Besides the initial questions listed above, the system needs to consider the shape of the object, and a more granular analysis of the object’s path. These questions might include:

Does the vehicle’s shape look like an truck, car, or motorcycle? It looks like a motorcycle.
Does the motorcycle appear to be lane-splitting? If yes, the likelihood this is a motorcycle increases.

Based on this enhanced profile of the motorcycle, the system can predict a possible lane-splitting scenario without an erroneous response.

Divide and conquer — massively decrease training time with cluster computing

It turns out image identification is complex. Machines need massive graphics processing capability in order to identify and subsequently train the system for proper object identification. In the below chart (Figure 1), DeepScale has come up with a cluster-computing method that does not negatively impact the accuracy rates, while significantly reducing the training time over a single GPU unit. Training using cluster-computing can reduce training time from weeks to hours.

Figure 1: clustered computing provides a massive reduction in processing time for image recognition training

Quality over quantity for parameters

Consider the game Jenga. One way to view the object of the game is to maintain the building’s height, while minimizing the number of blocks needed for structural integrity. In order to achieve this goal, you could remove seemingly extraneous blocks one at a time. If you pull the wrong block, the building collapses.

To improve results, you could rebuild the structure and try again. Over time, you would get better at determining which blocks are safe to remove.

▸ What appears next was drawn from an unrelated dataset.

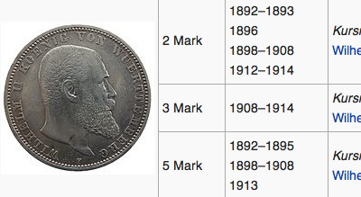 Christian, my "match" comment is a result of looking first at 19th Century Wurttemberg (in Krause), which had only too-small 2 Marks and too-big 5 Marks. When I went to the 20th Century book, and saw 3 Marks just before World War I, I was pretty sure that was the coin.
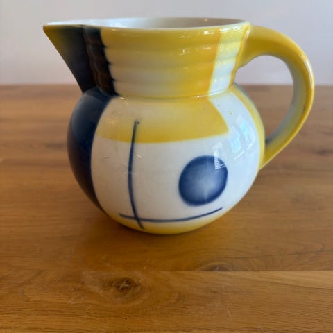 Retro keramikkmugge fra 60/70-tallet i flotte farger. Ingen skår eller skader, men krakkelering i overglasuren. Høyde 18 cm, diameter oppe 10 cm. Kan sendes med PostNord for kr 69,-.

In a similar vein, DeepScale setup an experiment to see if they could reduce parameters while maintaining the accuracy of a model. They pruned sets of parameters and measured the accuracy of the model before and after. If the model’s accuracy was unaffected, they would consider leaving the removed variables out of the model. If the accuracy took a hit, they worked to identify which of the removed variables correlated with the deterioration in accuracy. After optimizing the variables, they discovered two important trends:

After a model hit a certain number of variables the accuracy rates reached a saturation point.
They could carefully remove a high percentage of variables with a minimal loss of accuracy.

Figure 2: Limited accuracy improvement despite larger model size

The end result is they were able to build small but accurate models. These smaller models are particular valuable for real-time image recognition solutions using convolutional neural networks (CNNs).

Figure 3: Model size without degradation in accuracy

As you can see by the above chart (Figure 3), DeepScale is achieving their small model size without a need for compression.

Why smaller is better, sometimes

An image evaluation requires millions of floating point operations, making their deployment on an automobile’s on-board computers problematic. Using a small model can exponentially reduces the computational requirements for the on-board computer. A further benefit of a smaller model, especially ones that do not require compression, is they are faster and less expensive to deploy and update.

More variables can take us only so far

As better sensors, faster graphic processing units (GPUs) and better models are introduced, image accuracy rates will continue to improve. Haphazardly throwing more variables at the problem is not the answer though. In the case of autonomous vehicles, variable overload is unnecessary and detrimental. For image identification models, enhancing and identifying variables which serve as signal, while removing those that are noise, is valuable for maximizing computational processing efficiency and accelerating learning.

Even in the field of big data, ingenuity trumps brute force.